GIVEN INFORMATION

____________

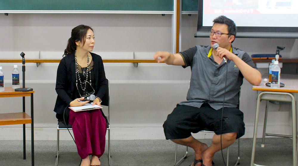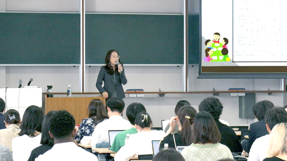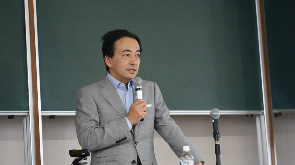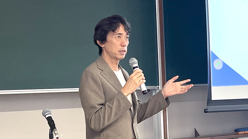 講座の集大成として、学期の最終日にはこれまで学んだことを念頭に、学生から新たなビジネスプランをグループごとに発表してもらいました。審査員として関西テレビ放送の大多亮社長が登壇し、それぞれのビジネス案に対する感想を話しましたが、中には具体的で実現できそうな企画もあり、「レベルが高い!」と大多社長もびっくりする場面もありました。
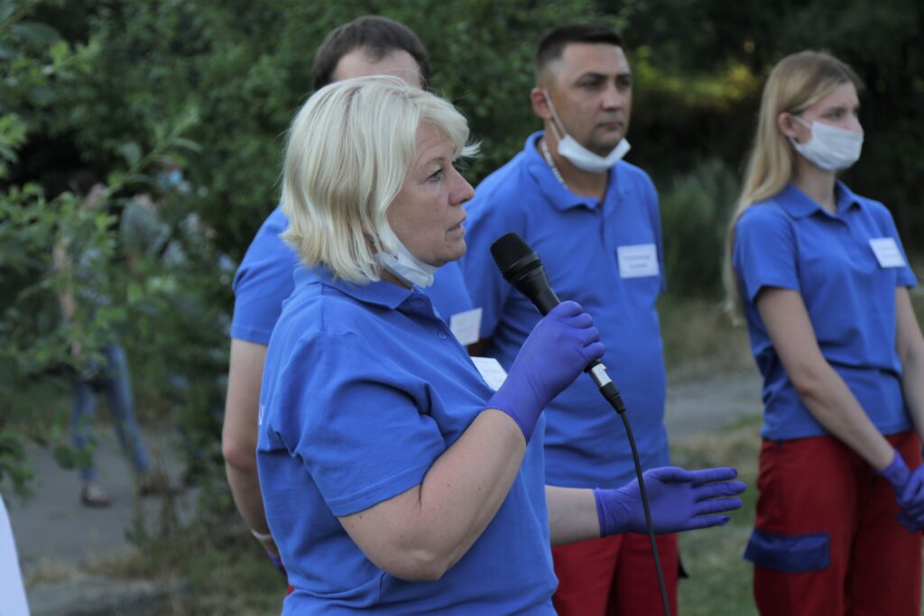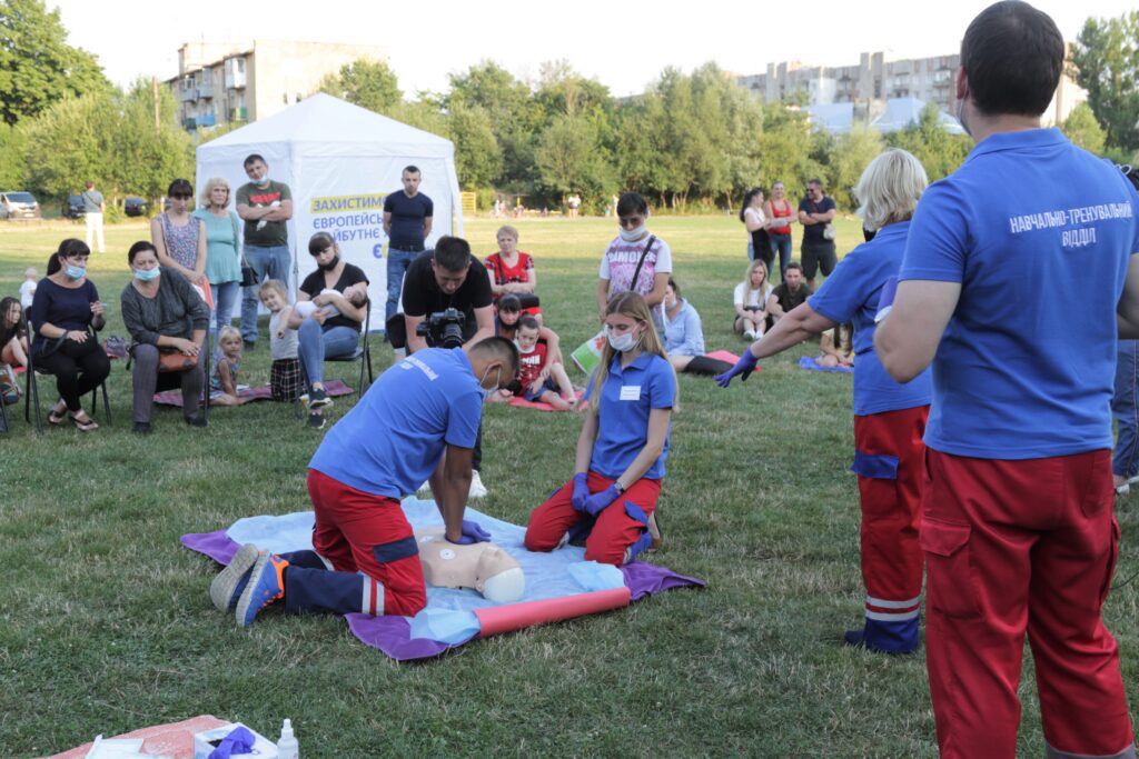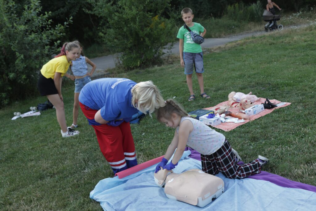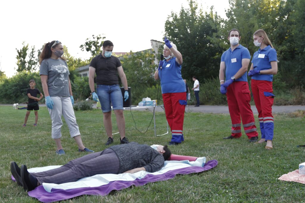 На стадіоні “Торпедо” просто неба лікарі пояснювали ази надання домедичної допомоги
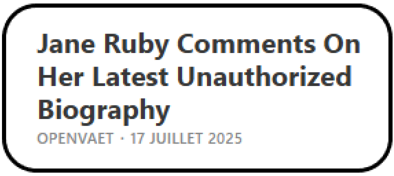 Jane Ruby Comments On Her Latest Unauthorized Biography

____________

YOUR ASSIGNMENT
Beginning with the line that contains "надання домедичної допомоги" and ending with the final line of the listing, return each line exactly. Omit all pictures.

SOLUTION FOR THIS EXERCISE
 На стадіоні “Торпедо” просто неба лікарі пояснювали ази надання домедичної допомоги
 Jane Ruby Comments On Her Latest Unauthorized Biography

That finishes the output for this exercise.